Myth: People who talk about suicide do not commit it,
but only threaten to do so.
Fact:
While a few use the technique of minor degrees of self-injury to draw the
attention of people around them, many give early clues at some point. After
such clues, some progress to complete the attempt. In Indonesia, nearly two-thirds of patients
had seen their doctors one month before killing themselves and one-third of
these had expressed suicidal intentions before carrying it out. In India, nearly 10-20% of suicide
victims had seen a physician a few days prior to the act.
Myth: A person committing suicide never reveals his/her
intention to anyone.
Fact:
This is not always true. The majority of people give a clue or warning
feeler, sign or an act which should be taken seriously, as a cry for help.
According to a recent study from Bangalore, about one-third of those
committing suicide had verbally communicated or told someone or indicated
their suicidal ideation indirectly a few days earlier. In Thailand, half of those committing the
act gave clear warning signs.
Myth: A person
who attempts suicide will definitely complete it at some time.
Fact:
Not everybody who attempts suicide is likely to repeat it. Timely help, support and buffer mechanisms can get rid of the
death wish. Studies show that the risk of completing suicide among those who
attempt it varies between 1 and 10%.
Myth: If a person is saved once, there is no need to
bother about him later.
Fact:
A large number of those who attempt suicide need to be watched carefully over
a period of time. There is evidence to show that 1-10% of such people repeat
the act. After a brief period of recovery, if the person goes back to
contemplating death, he needs to be observed, supported and cared for.

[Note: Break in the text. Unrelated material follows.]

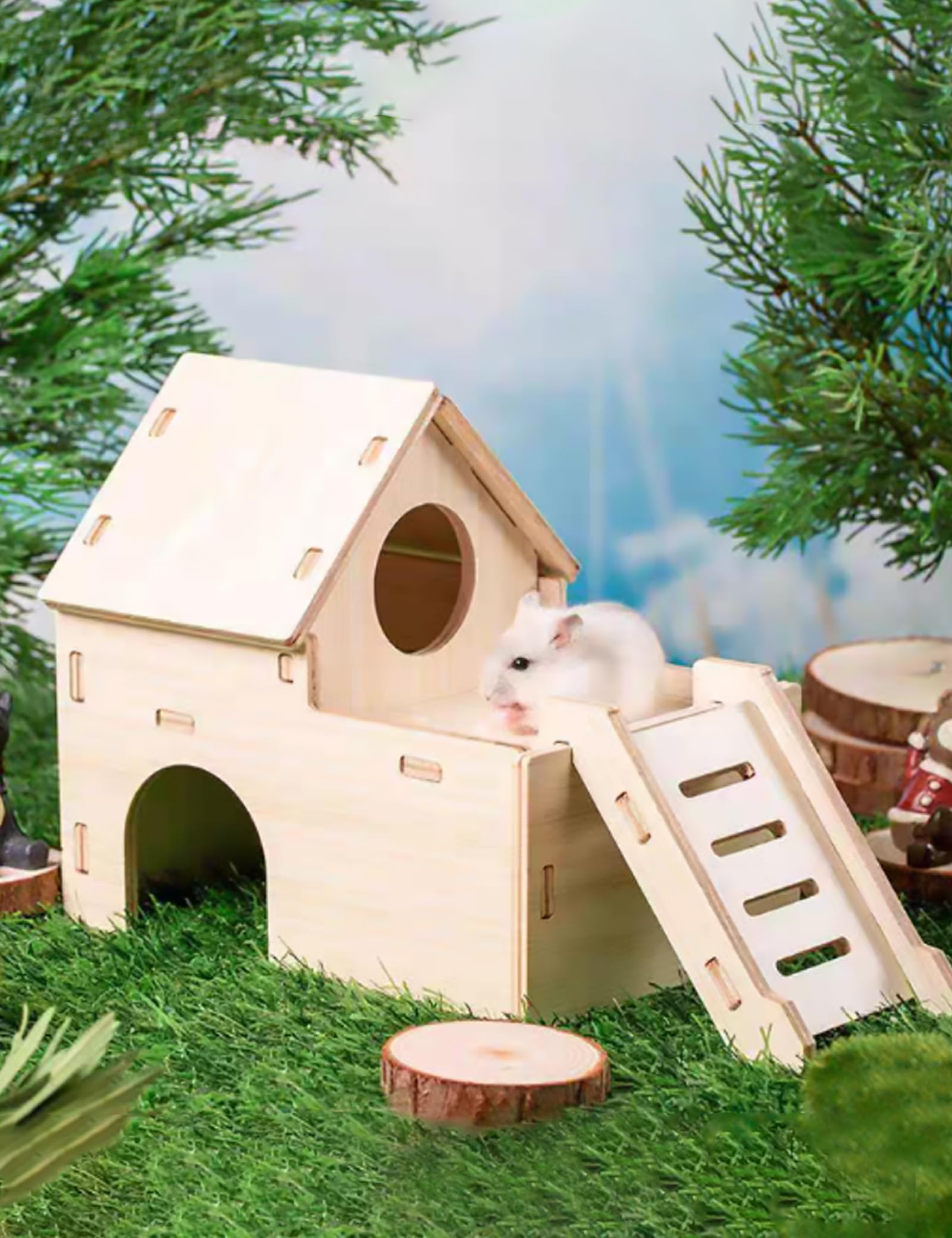 Sirvarni Hamster Hideout Cage Accessories - Hamster House and Habitat Wooden Hide Hut with Climbing Ladder and Platform for Dwarf Gerbils and Mouse Mice Rat Other Small Animals etc.

Myth: Only poor people commit suicide.
Fact:
Not true. Suicide is not a problem related to class, age or gender. Depending
on the social, environmental, economic or mental health status, anybody can
commit suicide. Because of social deprivation among the poor, the frequency
of suicide among them is also comparatively higher.
Myth: Suicide
runs in families, so nothing can be done.
Fact:
Even though suicide has a biological basis, evidence of a hereditary basis is
scientifically lacking. There is a possibility that some psychiatric
conditions which predispose to suicide can occur in families.
Myth: Suicidal persons are always mentally ill.
Fact:
This again is not entirely true. However, a large number of people attempting
suicide are depressed, unhappy, sad or violent before the act. Further,
mentally ill persons carry higher risk of suicide due to the disease process
and consequent difficulties in reasoning, judgement
and actions. But many physically and mentally healthy people also commit
suicide.
Myth: Asking about suicidal thoughts may precipitate it.
Fact:
Asking about suicide does NOT precipitate it. In fact, not asking about
suicide may prevent identification of a person at risk for suicide.
Frequently, doctors will directly ask patients about their suicidal ideation
if they feel they are at risk.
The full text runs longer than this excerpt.